The short course here. Midwest governors have taken a significant step to reduce future greenhouse gas emissions, gaining plaudits from the press and several environmental organizations. But utilities are building new coal-fired plants and racing to get many more permitted. The levels of greenhouse gases produced by these new plants is likely to outpace the limits set in the new agreements. Five new coal-burning power plants are proposed in Michigan.

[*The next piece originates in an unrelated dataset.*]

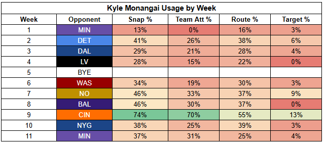 Kyle Monangai's role over the last two games has been very similar to his pre-Week 9 usage.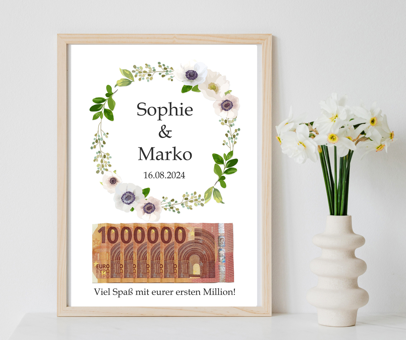 Ein personalisiertes Hochzeitsgeschenk ist immer am Schönsten! Hol Dir jetzt das schnelle Geldgeschenk für die Hochzeit Deiner Lieben und mach ihnen eine Freude mit der ersten Million!

This one-step-forward-two-steps-back approach epitomizes the Midwest’s energy schizophrenia. The region hears the voices of reason in its universities, farm sector, high-tech companies and urban centers calling for new economic development strategies that take advantage of the Midwest’s inherent strengths. The University of Wisconsin and Michigan State University, for example, were recently awarded a $125 million grant to establish one of three national centers of biofuels research. Michigan State also is becoming a leader in promoting wind energy.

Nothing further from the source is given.